Reliability, efficiency, and system cost are the three key elements in solar inverter design. Vast efforts are being devoted to enhance the performance of solar inverters and so reduce the price per watt harvested from solar panels to gain parity with or surpass fossil fuel energy sources. High performance devices such as Silicon Carbide (SiC) Schottky diodes can boost the performance of solar micro-inverters. This article summarizes a study conducted on a two-stage architecture micro-inverter (Fig. 1) specifically on the dc-dc stage and the application of SiC diodes in the rectification circuit.

LLC resonant converters (Fig. 2) have several desired features such as high efficiency, low EMI and high power density. This makes it is a strong candidate topology for the dc-dc stage in this application. Table 1 shows the typical specification for the dc-dc stage.

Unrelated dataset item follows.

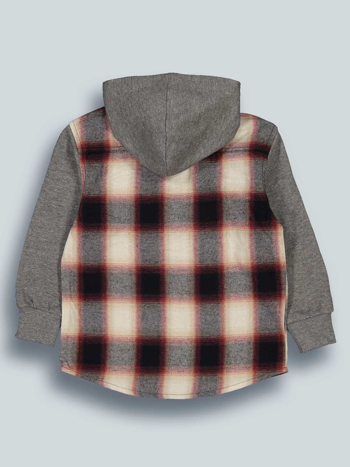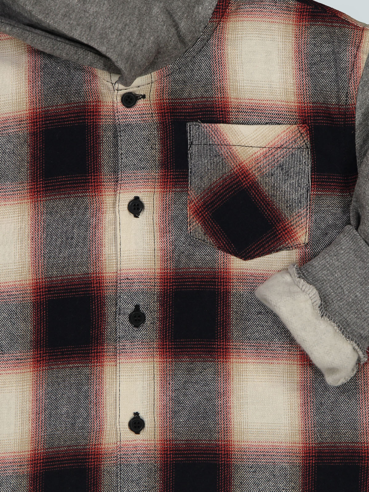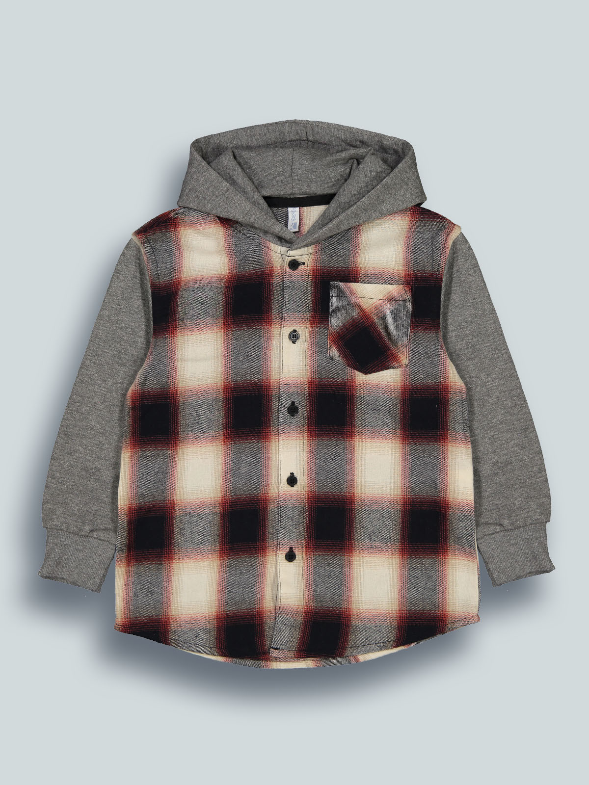 Camicia in flanella leggera fantasia scozzese, cappuccio e maniche in felpa melange. Apertura davanti con bottoncini, taschino sul petto. Perfetta indossata aperta, sopra una t-shirt, per un look super trendy.

LLC Converter Modes of Operation

In order to analyze the performance of SiC diodes, it’s important to understand their operation conditions within the resonant LLC converter. The LLC resonant network can run in three modes, as listed below and shown in Fig. 3.

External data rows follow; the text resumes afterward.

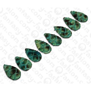 PY 077 Python leather Flat Teardrop 35x20x4mm Ocean Blue Matte / 8pcs.
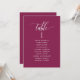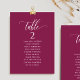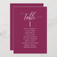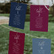Helfen Sie Ihren Gästen mit diesen eleganten, modernen Sitzplakaten mit Gästebamen ihren Tisch zu finden. Doppelseitige Karten, damit die Gäste von beiden Seiten, vorn oder hinten nach ihren Namen suchen können. Klare Platzverhältnisse, die Ihnen die Möglichkeit geben, Clips oder Lochausschnitte für hängende Displays zu verwenden oder Tischhalter/Rahmen zu verwenden. Berry Hintergrund und weißer Text. Moderne handgeschriebene Kalligrafiedetails. Mehrere Farboptionen. Haben Sie alle Tischnummern in der gleichen Farbe oder mischen Sie die Farben nach dem Farbthema Ihres Events. Teil unserer Kollektion "Berry, Blue and Burgundy Floral".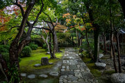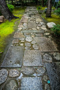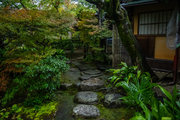 切石と玉石を敷き詰めた延段が奥へと導く。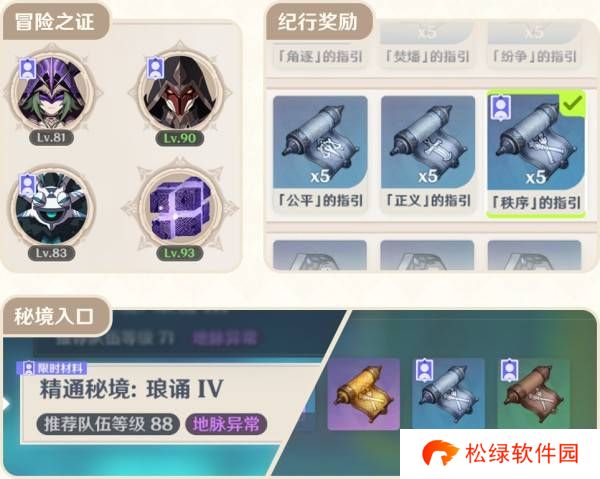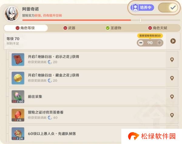 在设定好相应的培养计划后,达成既定目标所缺少的材料,其主要获取途径将会在「冒险之证」中优先展示,并附有特殊的角标提示。在纪行奖励、秘境入口等养成材料获取的常用界面也会出现相应的角标提示。

  • Resonant frequency operation, where switching frequency is equal to the resonant frequency of the LLC resonant tank (fs=fr). In this mode, the resonant tank has unity gain and best optimized operation and efficiency, therefore, the converter is designed to operate at this mode at the nominal input voltages.
  • Above resonant frequency operation fs>fr, the converter operates in this mode at higher input voltage, where a step down gain or buck operation is required.
  • Below resonant frequency operation, fs

Power Losses in Rectifier Diodes

In general, losses in diodes can be described as in the following two formulas:

Conduction loss = ID.avg * VF

Switching loss = Qrr * VD * fS

Where ID.avg, is the diode average current, VF is the diode forward voltage drop, Qrr is the diode reverse recovery charge, fs is the switching frequency, and VD is the diode blocking voltage.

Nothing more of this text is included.